Пришло еще несколько мужчин, все пожилые, элегантно одетые, с мягкими манерами и благопристойными физиономиями. Сашо с грехом пополам вытащил дядю из кабинета, тот вышел к гостям мрачный, но это могло сойти за еще не остывшее горе. Все расселись за длинным столом, сестра хозяина подала заливных цыплят, отварной язык, ветчину, бутерброды с черной икрой. Свои знаменитые голубцы она решила пока придержать, как основное блюдо, хотя гостей оказалось меньше, чем ожидалось. Затем разлила по бокалам очень темное подслащенное красное вино и, удовлетворенная, уселась в ожидании. В наступившей тишине откуда-то издалека донеслось эхо могучего вопля: «Гооол! » — но уловил его только радостно встрепенувшийся Сашо. Все молчали, никто ни к чему не притрагивался.

— Прошу вас, угощайтесь! — беспокойно проговорила сестра хозяина. — Не оскорбляйте ее памяти.

Мужчины приступили к еде неохотно, но женщины взялись за дело как следует. Академик вдруг впервые за два дня почувствовал голод. Сначала он положил себе на тарелку заливного цыпленка, стараясь есть его как можно медленнее и равнодушнее.

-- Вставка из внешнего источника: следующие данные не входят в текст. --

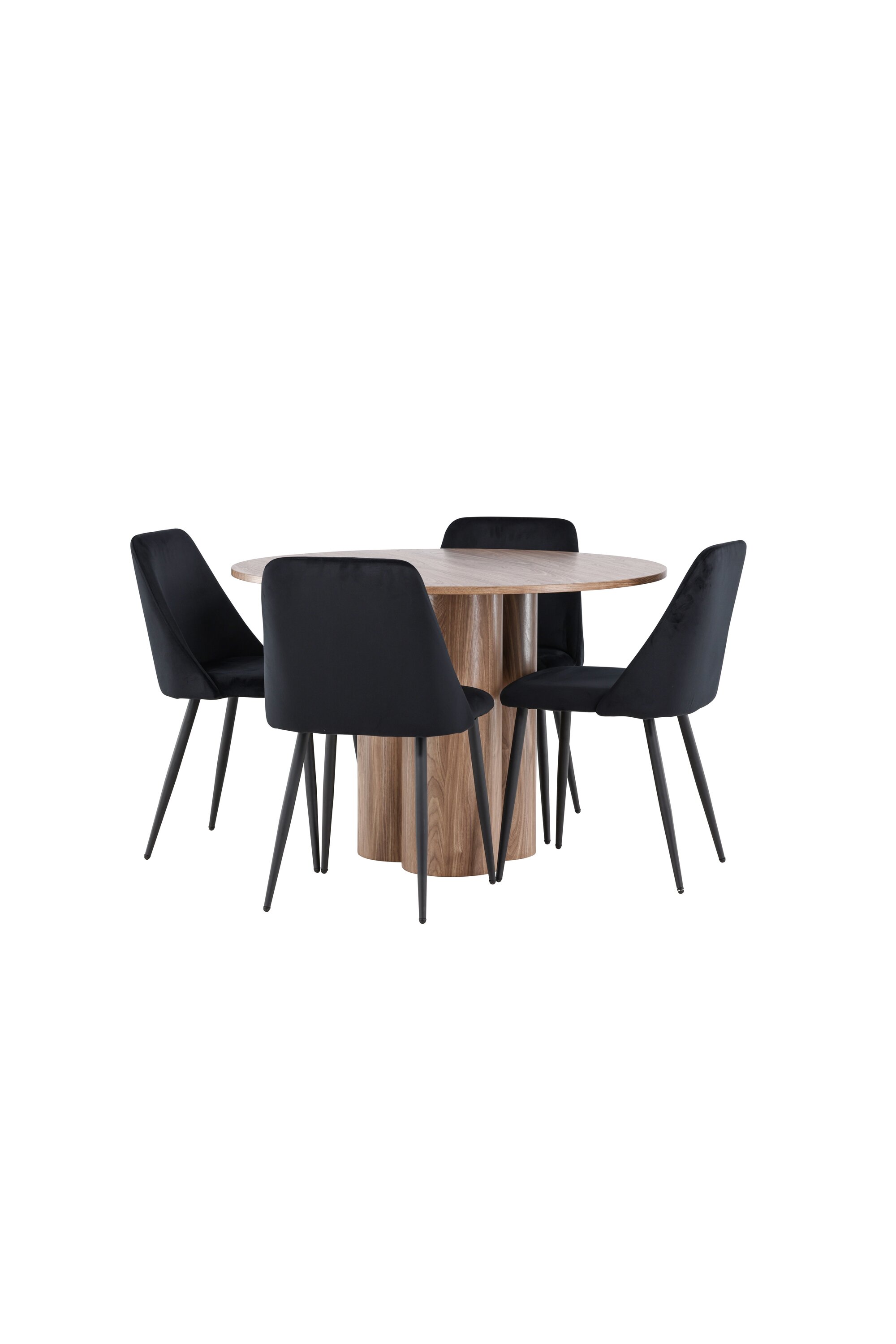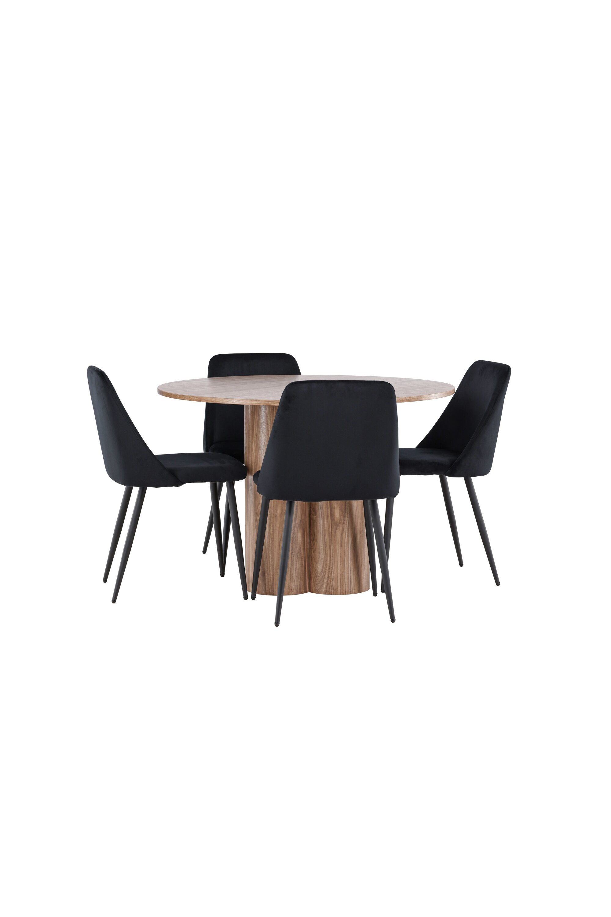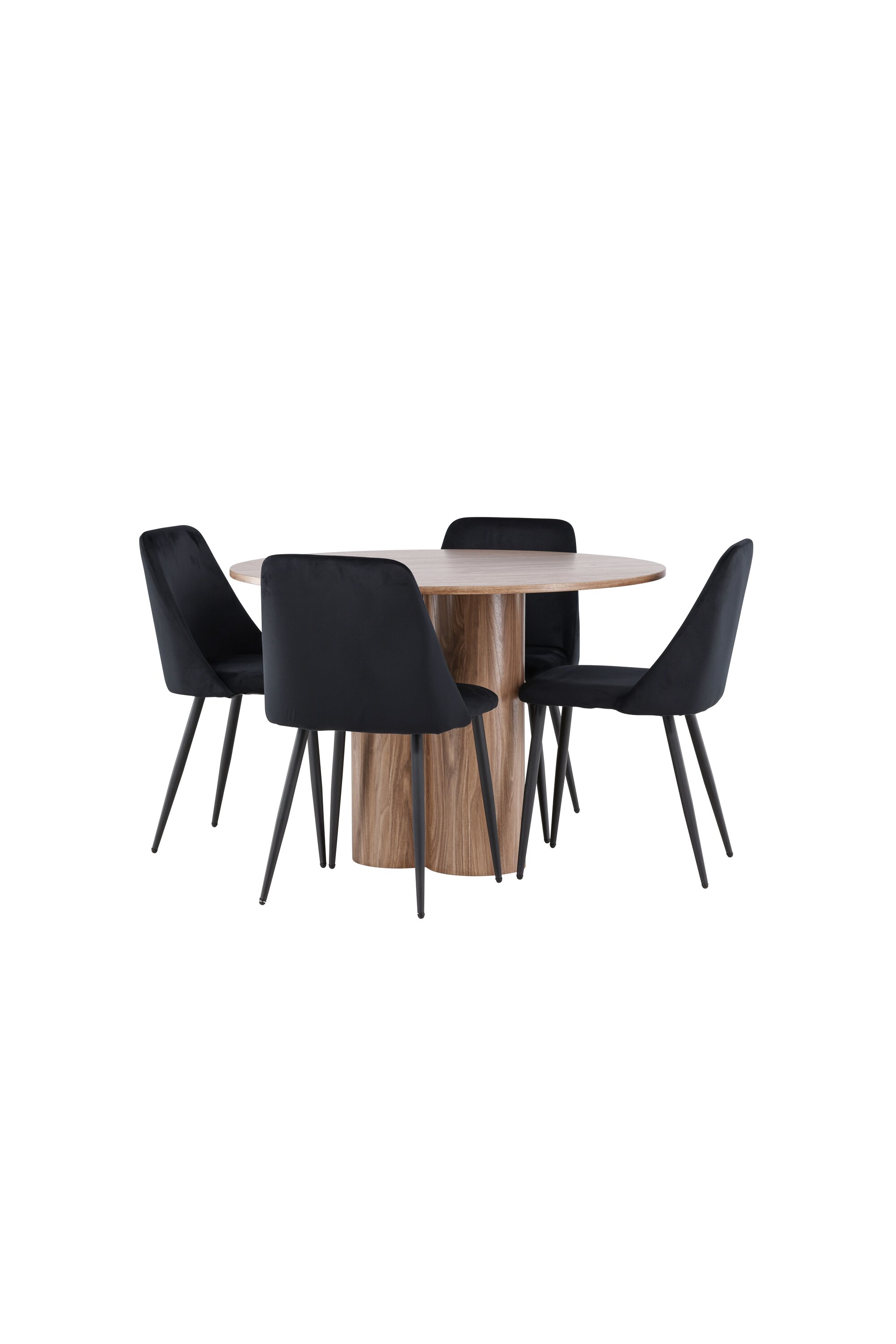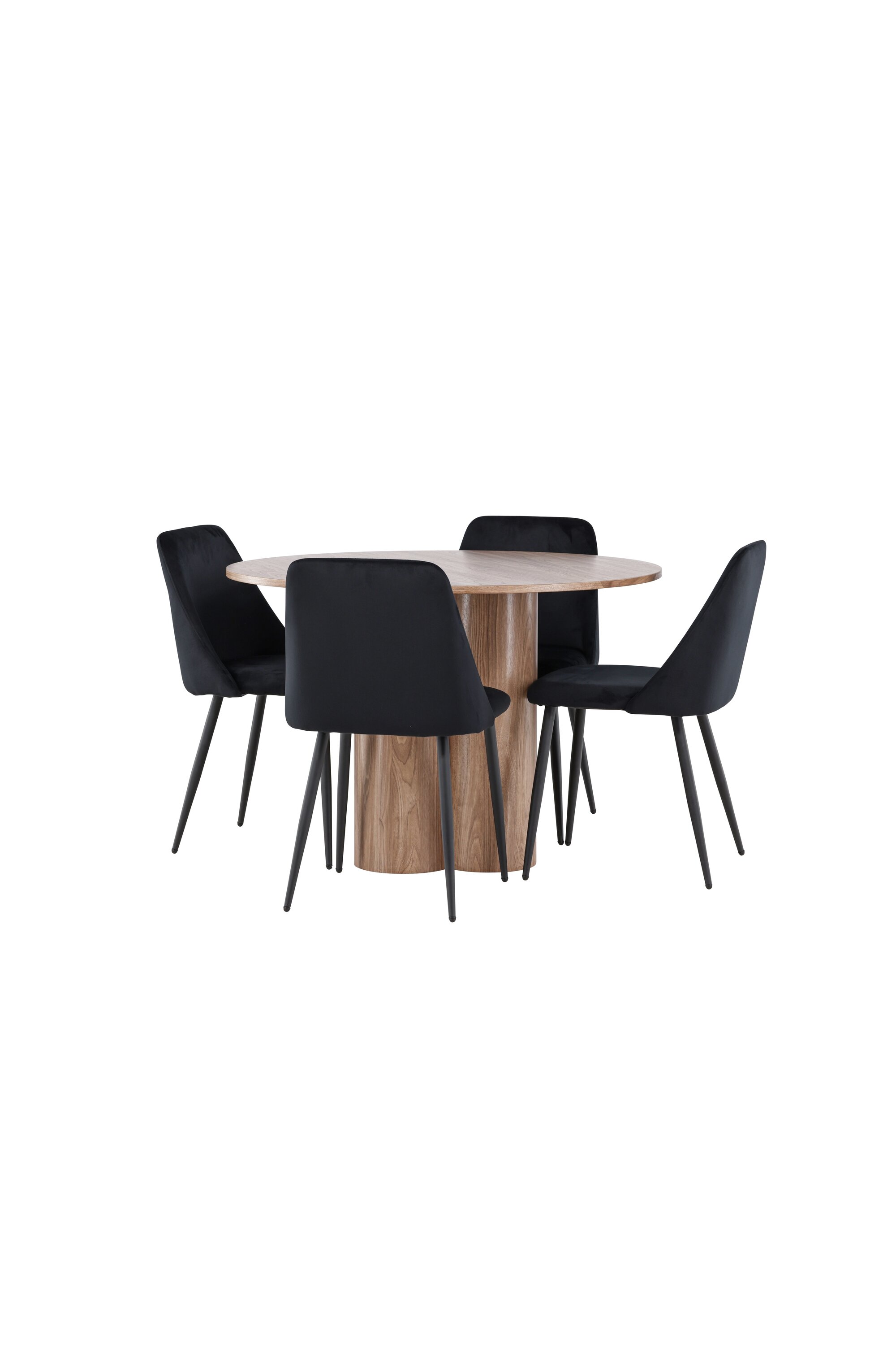 Uuendage oma söögituba keeruka söögikomplektiga, mis sisaldab Olivia lauda ja öötoole. See elegantne moodsa disaini ja luksuslike materjalide kombinatsioon loob ideaalse keskkonna nii igapäevasteks söögikordadeks kui ka pidulikeks sündmusteks. Olivia laud on stiilne ja ajatu lisand teie kodule. Mokavärvi ja MDF-konstruktsiooniga laud jätab sooja ja kutsuva mulje. Lauaplaadi läbimõõt on 110 cm, pakkudes piisavalt ruumi nelja inimese mugavaks istumiseks, olles samas piisavalt kompaktne, et mahutada väiksematesse ruumidesse. Olivia laud seisab tugeval alusel stabiilselt ja seda on lihtne puhastada, muutes selle nii praktiliseks kui ka elegantseks. Öötoolid täiendavad Olivia lauda oma luksusliku disainiga. Need toolid on polsterdatud musta sametiga, pakkudes eksklusiivset ja mugavat istumiskogemust. Pehme samet koos laua mokatooniga loob teie söögituppa harmoonilise ja elegantse atmosfääri. Öötoolid on disainitud nii esteetikat kui ka mugavust silmas pidades, mistõttu on need ideaalsed pikkadeks ja nauditavateks õhtusöökideks. Olivia söögikomplekti ja öötoolidega saate tervikliku söögitoa, mis ühendab funktsionaalsuse elegantse disainiga. Sellest söögikomplektist saab kahtlemata teie kodu keskne punkt, kuhu pere ja sõbrad saavad koguneda veetlevate einete ja meeldiva seltskonna nautimiseks.

Но вскоре эта жалкая комедия возмутила его, он оттолкнул тарелку. Остальные, казалось, все еще не освоились и не решались наброситься на богатое угощение. Лица мужчин казались академику знакомыми, должно быть чьи-то родственники, его или ее — сейчас. он не в состоянии был в этом разобраться. Чем больше он старел, тем чаще окружающие его люди сливались в какую-то безликую и безымянную массу, в которой он ориентировался с большим трудом. Это подавляло его и порой заставляло думать, что он уже вступил в темный туннель старости и, как слепой, неуклонно спускается к тому беспросветному дну, которое зовется полным забвением. Сидевшая рядом с ним сестра незаметно тронула его локтем.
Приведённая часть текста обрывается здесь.